A good testbed for this problem uses multidimensional arrays. C++ defines its arrays in row major order. This ordering puts the members of the right most index next to each other in memory.

TestData [0][0][0] and TestData [0][0][1] are stored in adjacent memory locations.

Gotcha!

Not every language defines arrays in row order. Some versions of PASCAL define arrays in column order. Don't make assumptions unless you like writing slow code.

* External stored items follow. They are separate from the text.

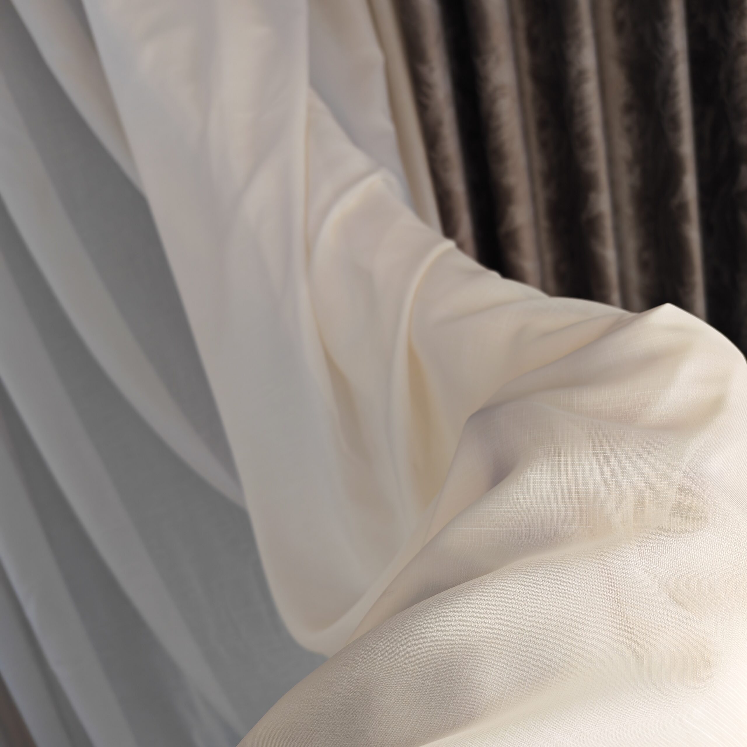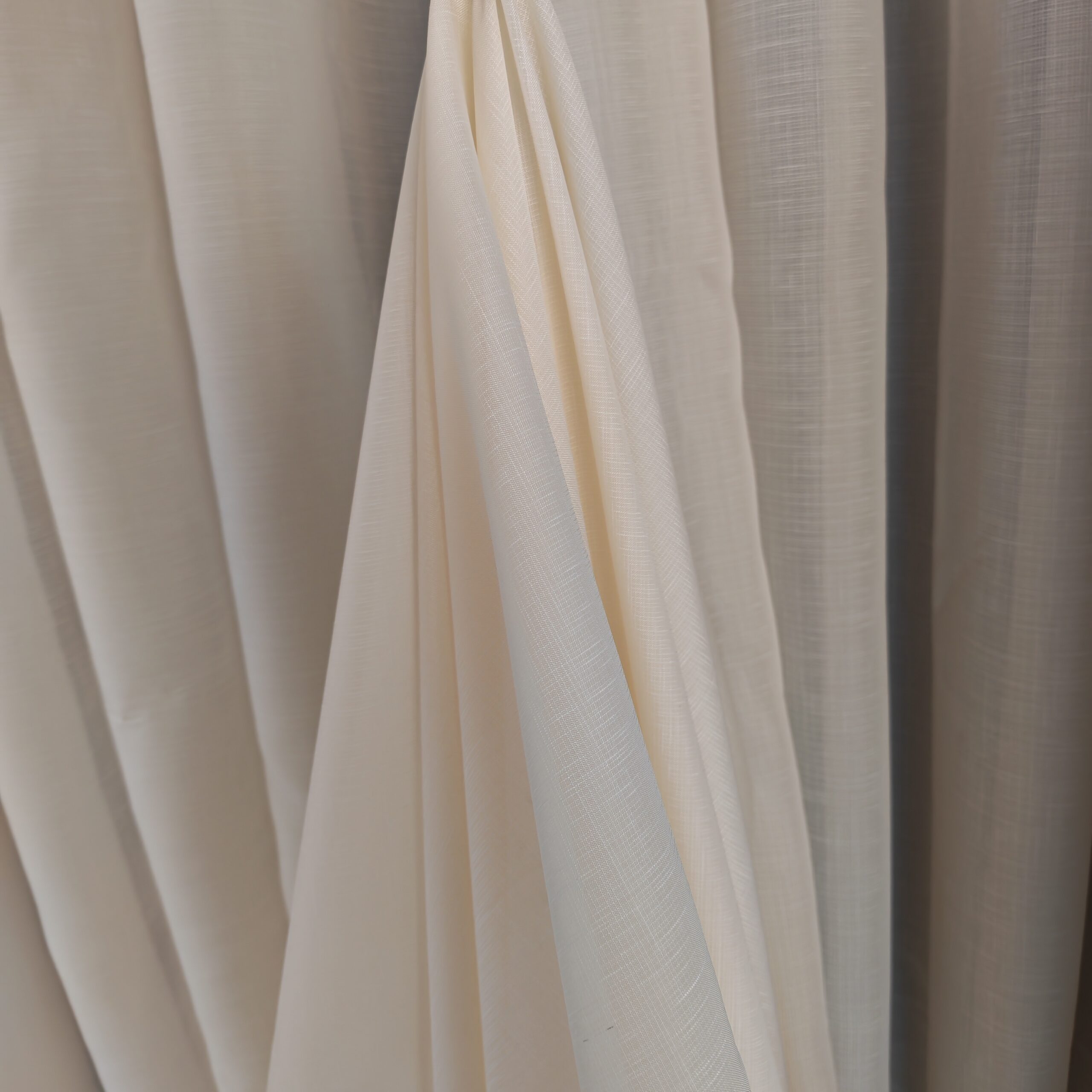 Tesatura de tip voal cu textura de in permite luminii naturale sa intre in interior, pentru un efect stralucitor si incantator. Perdeaua va da senzatia unei incaperi mai inalte, daca se opteaza pentru o lungime pana la nivelul podelei.
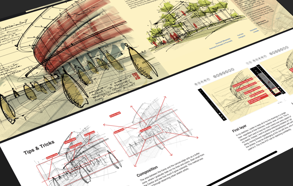 This sketch is a demonstration of a new smooth brush feature by the App. I did some exercise with pen and marker tool to see how it would be helpful to draw curvy lines like this image. I have attached together a working file (Morpholio Trace file) , PSD file and a PDF e-Book file that explain my drawing tips. I hope this would be beneficial to many! Thank you for your support. Cheers!
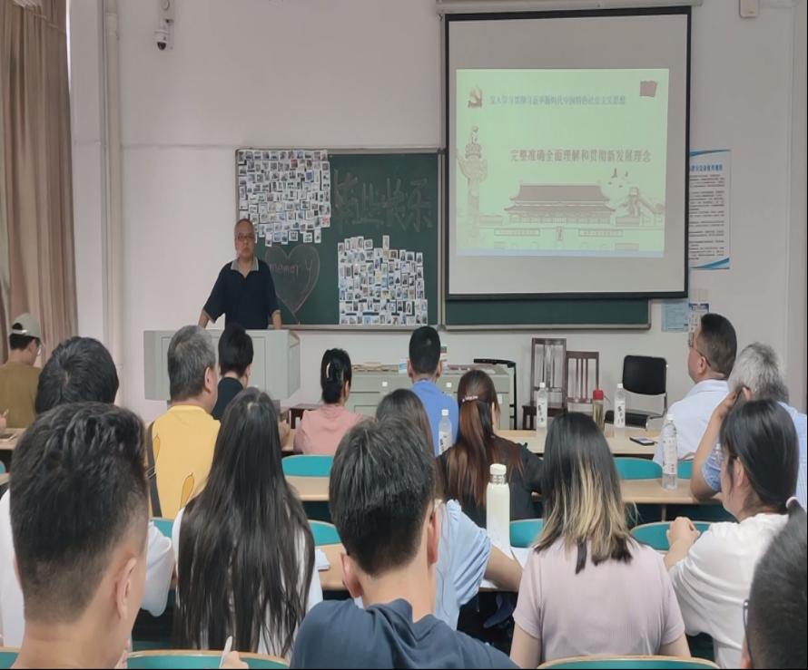 邓豫老师给大家上了一堂《完整准确全面理解和贯彻新发展理念》的主题党课。邓老师结合我院实际,希望大家从整体上、根本宗旨上、大局上和政治上等方面理解和贯彻新发展理念。希望实验中心创新方式方法,更加注重实验室安全,为学院的发展保驾护航;希望同学们坚守理想信念,努力学习,增强本领,将来为祖国的现代化建设贡献力量。

If you access an array in the wrong order, it will create a worst case CPU cache scenario. Here's an example of two functions that access the same array, and do the same task. One will run much faster than the other:

const int g_n = 250;
float TestData [g_n][g_n][g_n];

inline void column_ordered()
{
   for (int k=0; k<g_n; k++)
      for (int j=0; j<g_n; j++)
         for (int i=0; i<g_n; i++)
            TestData [i][j][k] == 0.0f;
}

inline void row_ordered()

{
   for (int i=0; i<g_n; i++)
      for (int j=0; j<g_n; j++)
         for (int k=0; k<g_n; k++)
            TestData [i][j][k] == 0.0f;
}

The timed output of running both functions on my test machine showed that accessing the array in row order was nearly nine times faster:

Column Ordered=2817 ms    Row Ordered=298 ms    Delta=2519 ms

Any code that accesses any largish data structure can benefit from this technique. If you had a multistep process that affected a large data set, try to arrange your code to perform as much work in smaller memory blocks. You'll optimize the use of the L2 cache and make a much faster piece of code.

Memory Alignment

The CPU reads and writes memory-aligned data much faster than other data. Any N-byte data type is memory aligned if the starting address is evenly divisible by N. For example, a 32-bit integer is memory aligned if the starting address is 0x04000000. The same 32-bit integer is unaligned if the starting address is 0x04000002, since the memory address is not evenly divisible by 4 bytes.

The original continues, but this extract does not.